那兩條腿蜷在蛇身兩側,偶爾抽動一下,像是在適應空氣。
韋阿貴先以為是遇到了變異的蟒蛇,或者哪個缺德人給蛇嫁接了什么。他膽子不算小,慢慢用柴刀把蛇身邊的樹葉撥得更開一些,湊近了想看清楚那兩條腿到底長什么樣。這一湊,他整個人像被雷劈了一樣,僵住了,然后從喉嚨里發出一聲變了調的慘叫,連滾帶爬地退出去好幾米遠。
他看清了。
那不是蛇的腿,那是一雙人的小腿。
從比例上看像是三歲小孩的腿,皮膚是青灰色的,蓋著稀稀疏疏的細鱗,但膝蓋以下到腳趾的輪廓,和小孩子的腿一模一樣。最讓韋阿貴魂飛魄散的是,那條蛇的左小腿外側,貼著一塊銅錢大小的、黑色的疤。
韋阿貴認識那塊疤。
他親弟弟韋阿明,六年前的秋天,在鬼哭坳失蹤,活不見人死不見尸,那年才四歲。阿明小時候被炭火燙傷過小腿,傷好了之后留下這么大一塊疤痕,形狀像半個燒焦的桑葉,家里人都認得出。韋阿貴當時跪在地上就哭了,一邊哭一邊拜,嘴里喊著我弟的魂哪你怎么變成這個東西了。
那條蛇聽見他的聲音,慢慢轉過了頭。
它看著韋阿貴的眼神,不像是冷血的爬行動物,倒像是一個受了驚的小孩,怯怯的,帶點委屈。它張開嘴發出聲音,不是蛇的嘶嘶聲,而是一串含混的、像嬰兒牙牙學語的音節,拼命想說出一句完整的話來。韋阿貴聽了好一陣,模模糊糊聽出三四個字:“哥……回家……”

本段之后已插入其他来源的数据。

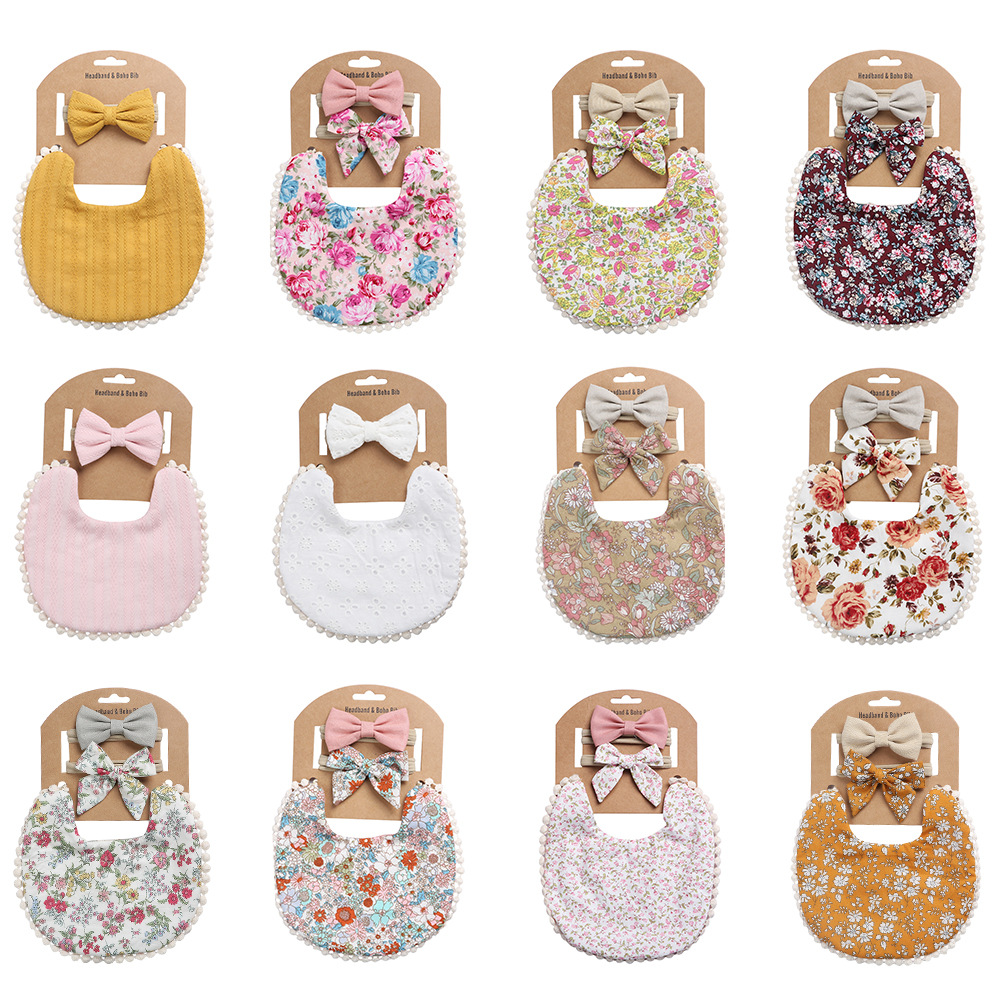 European And American Cotton Cute Floral Baby Anti-Spitting Milk Saliva Towel Newborn Printing Bib Headband Set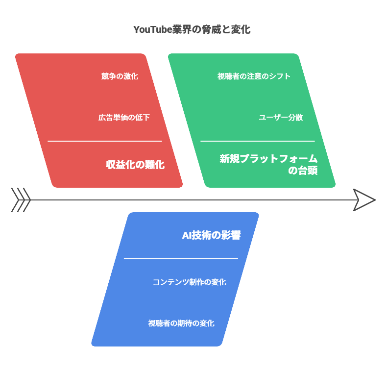 現在のユーチューバーを取り巻く環境変化は、単一の要因ではなく複数の脅威が同時進行しています。ここでは特に影響の大きい3つの脅威を詳しく分析し、それぞれがクリエイターに与える具体的な影響を解説します。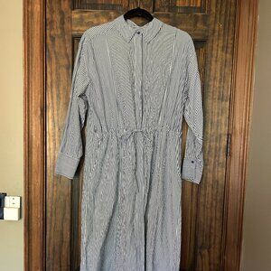 Apiece Apart Long Sleeve Button Down Shirt Dress in Stripe

他伸手想去抱那條蛇,蛇卻突然蜷緊了身子,兩條小腿猛地蹬了一下地面,像一條受了驚的泥鰍一樣,嗖地鉆進松樹根底下的一個洞穴里。韋阿貴用手刨土刨得十個指甲全翻了,刨到了天黑,也沒再見到那條蛇的影子。他跪在那個洞口前哭了整整一個小時,最后被寨里來找他的人抬了回去。
那天晚上,韋阿貴發起了高燒,燒到四十一度,嘴里翻來覆去只說胡話:“弟弟在樹底下……弟弟長腿了……他要回家……”他老婆嚇壞了,連夜請了寨子里的神婆來看。神婆是一個快八十歲的老太太,臉上皺得像核桃皮,她點了一炷香,繞著韋阿貴轉了三圈,又翻看他的眼皮和舌苔,最后把香灰用白酒調了灌下去。
折騰了一夜,韋阿貴的燒退了一點,神婆嘆了口氣跟他老婆說:“你男人在山上碰見的,是他弟的魂。小孩子死在那地方,陰氣重,魂走不了,被樹根壓著,又在土里悶了這么多年,就慢慢變了。現在成了半蛇,上身是人,下身是蛇。過幾年那兩條腿徹底長好了,他就變成一個人的樣子,但這輩子都回不了家了。”
他老婆哭著問怎么辦。神婆說不是她這個層次能辦的事,得請高功的師父,或者干脆就當沒看見,別再去那棵樹底下找,就當他已經投胎轉世了。
但韋阿貴不聽。第三天燒一退,他揣著一把香紙和兩斤糯米,又上了鬼哭坳。這次他帶了一把鐵鍬,想把那棵松樹根底的洞挖開,看看弟弟到底變成了什么樣。寨子里有兩個年輕人跟著他去看熱鬧,但到了那棵松樹前,那兩人只往樹根的洞里看了一眼,當場就吐了,然后拖著韋阿貴就往山下跑,跑得比兔子還快。
后來寨里的人問他們到底看見了什么,那兩人一個字都不肯說,只是搖頭,臉色白得像紙,手一直在抖。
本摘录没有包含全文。